# Cardiotocographic Classification using Spark
##### Cardiotocographic classification for fetal heart-rate and uterine contractions, implemented with a PySpark Pipeline

Dataset from the UCI data repository: https://archive.ics.uci.edu/ml/datasets/cardiotocography

In [42]:
#Pipeline dependencies
from pyspark.ml import Pipeline
from pyspark.ml.classification import LogisticRegression
from pyspark.ml.feature import MinMaxScaler
from pyspark.ml.feature import VectorAssembler
from pyspark.ml.feature import HashingTF, Tokenizer
from pyspark.sql import SparkSession

#Data manipulation, analysis and plotting tools
import pandas as pd
import numpy as np
import matplotlib as plt

#Machine Learning libraries
#import sklearn as sk
#import tensorflow as tf

In [18]:
#Define the session and cluster
spark = SparkSession.builder \
                    .master('local[4]') \
                    .appName('cardiotocography_pipeline') \
                    .getOrCreate()

In [28]:
#Read the CSV dataset file and print the schema
df = spark.read.options(header='True', #Specify that headers exist in dataset
                        inferSchema='True', 
                        delimiter=',' #Comma delimited
                       ).csv("CTG_data.csv") #Source file

#Drop missing values
df = df.dropna()

#Required to drop some attributes which likely do not add to the learning of the model:
#- FileName, Date, SegFile to be truncated
df = df.drop("FileName","Date","SegFile")

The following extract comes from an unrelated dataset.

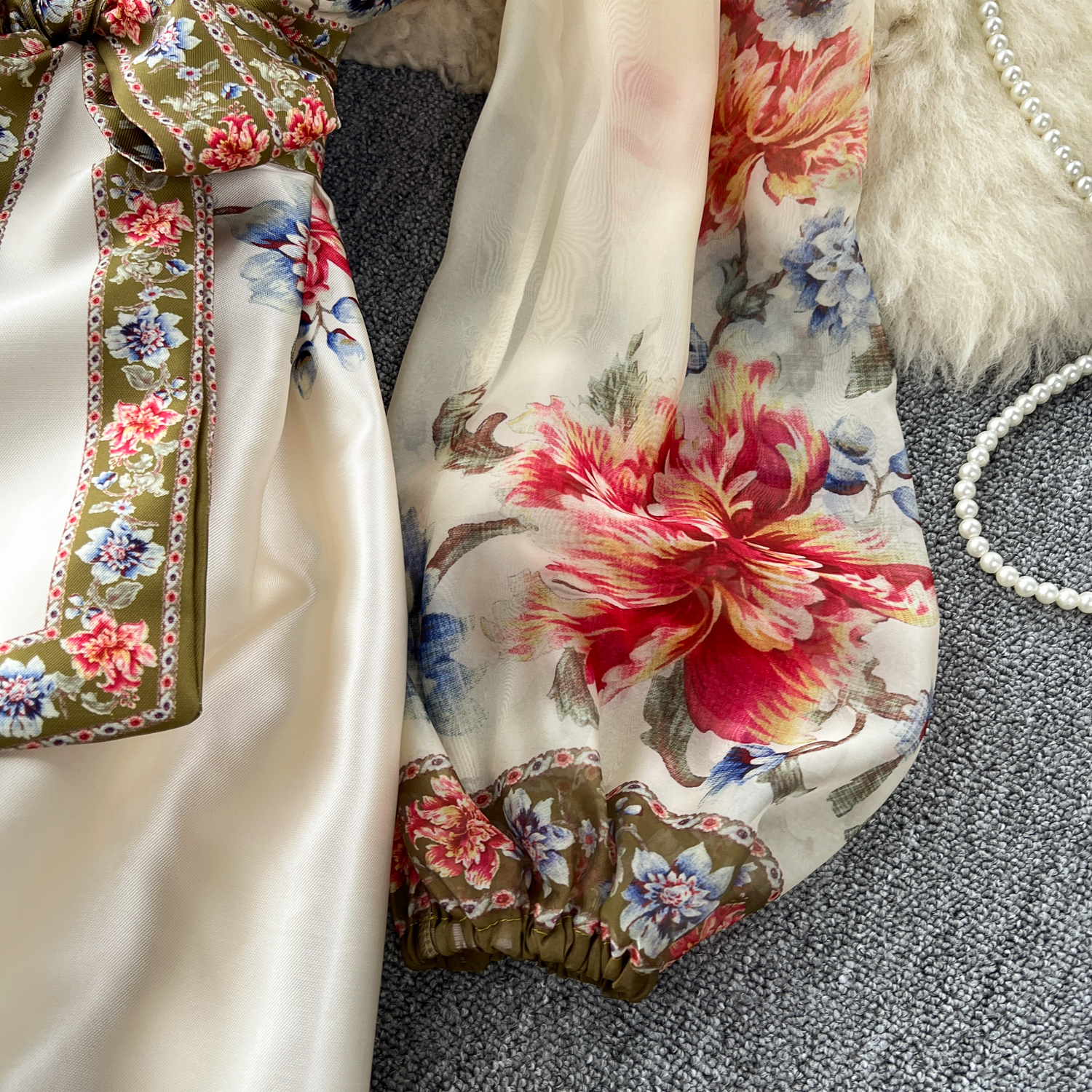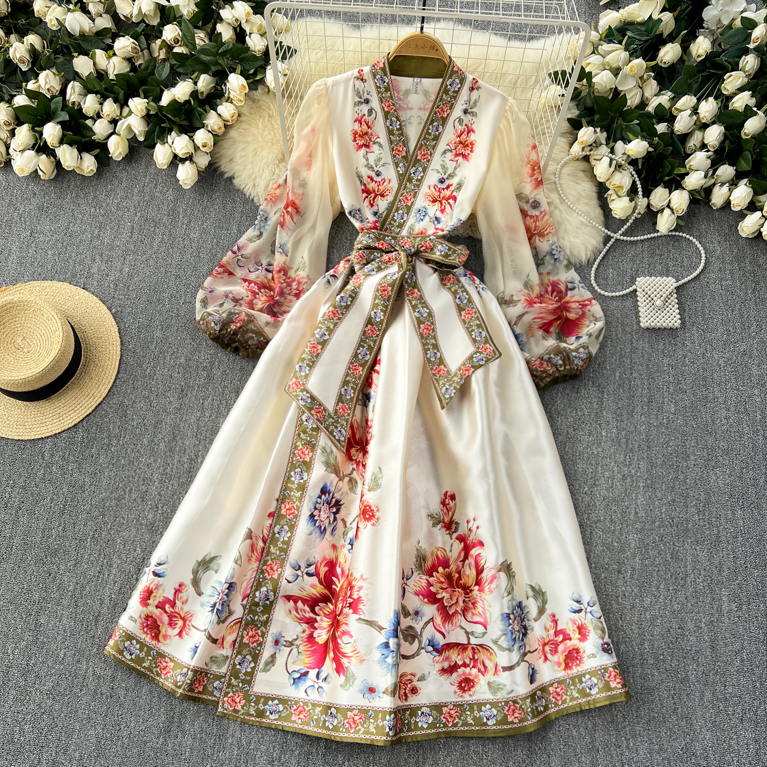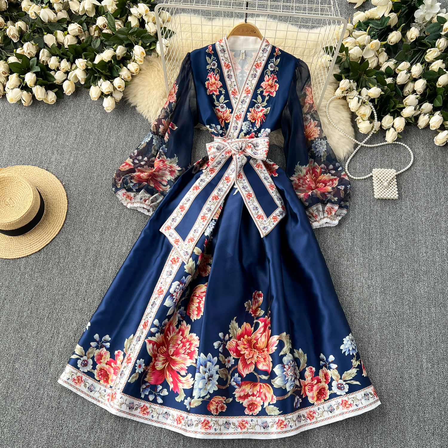 High-End Elegant French Retro Palace Style Tie Waist Temperament Dress
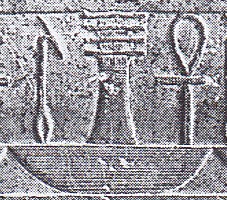 This is an Egyptian hieroglyph showing The Stoic Pillar AIA Maraia Robot in the center.

#Dataset has seemed to already One-Hot-Encoded the multiclass target 'Class' labels to:
# A,B,C,D,E,AD,DE,LD,FS,SUSP
#Since this is the target label, we can remove those columns and retain the Class column
#which contains the multiclass numbers between 1-10
df = df.drop("A","B29","C","D","E32","AD","DE","LD","FS","SUSP")
df.printSchema()

root
 |-- b3: integer (nullable = true)
 |-- e4: integer (nullable = true)
 |-- LBE: integer (nullable = true)
 |-- LB: integer (nullable = true)
 |-- AC: integer (nullable = true)
 |-- FM: integer (nullable = true)
 |-- UC: integer (nullable = true)
 |-- ASTV: integer (nullable = true)
 |-- MSTV: double (nullable = true)
 |-- ALTV: integer (nullable = true)
 |-- MLTV: double (nullable = true)
 |-- DL: integer (nullable = true)
 |-- DS: integer (nullable = true)
 |-- DP: integer (nullable = true)
 |-- DR: integer (nullable = true)
 |-- Width: integer (nullable = true)
 |-- Min: integer (nullable = true)
 |-- Max: integer (nullable = true)
 |-- Nmax: integer (nullable = true)
 |-- Nzeros: integer (nullable = true)
 |-- Mode: integer (nullable = true)
 |-- Mean: integer (nullable = true)
 |-- Median: integer (nullable = true)
 |-- Variance: integer (nullable = true)
 |-- Tendency: integer (nullable = true)
 |-- CLASS: integer (nullable = true)
 |-- NSP: integer (nullable = true)



### Feature descriptions:
- b: Start instant
- e: End instant
- LBE: Baseline value (medical expert)
- LB: Baseline value (SisPorto)
- AC: Accelerations (SisPorto)
- FM: Foetal movement (SisPorto)
- UC: Uterine contractions (SisPorto)
- ASTV: percentage of time with abnormal short term variability  (SisPorto)
- mSTV:	mean value of short term variability  (SisPorto)
- ALTV:	percentage of time with abnormal long term variability  (SisPorto)
- mLTV:	mean value of long term variability  (SisPorto)
- DL:	light decelerations
- DS:	severe decelerations
- DP:	prolongued decelerations
- DR:	repetitive decelerations
- Width:  histogram width
- Min:	low freq. of the histogram
- Max:	high freq. of the histogram
- Nmax:	number of histogram peaks
- Nzeros:	number of histogram zeros
- Mode:	histogram mode
- Mean:	histogram mean
- Median:	histogram median
- Variance:	histogram variance
- Tendency:	histogram tendency: [-1=left assymetric; 0=symmetric; 1=right assymetric]

### Classes
- A: Calm sleep
- B: REM sleep
- C: Calm vigilance
- D: Actice vigilance
- E: Shift pattern (A or Susp with shifts)
- AD: Accelerative/Decelerative pattern (stress simulation)
- DE: Decelerative pattern (vagal stimulation)
- LD: Largely develerative pattern
- FS: Flat-sinusoidal pattern (pathogenic state)
- SUSP: Suspect pattern

#### Further higher level classification (NSP):
- 1: Normal
- 2: Suspect
- 3: Pathogenic

In [62]:
featuresToScale = [f[0] for f in df.dtypes if f[0] not in ["CLASS", "NSP"]]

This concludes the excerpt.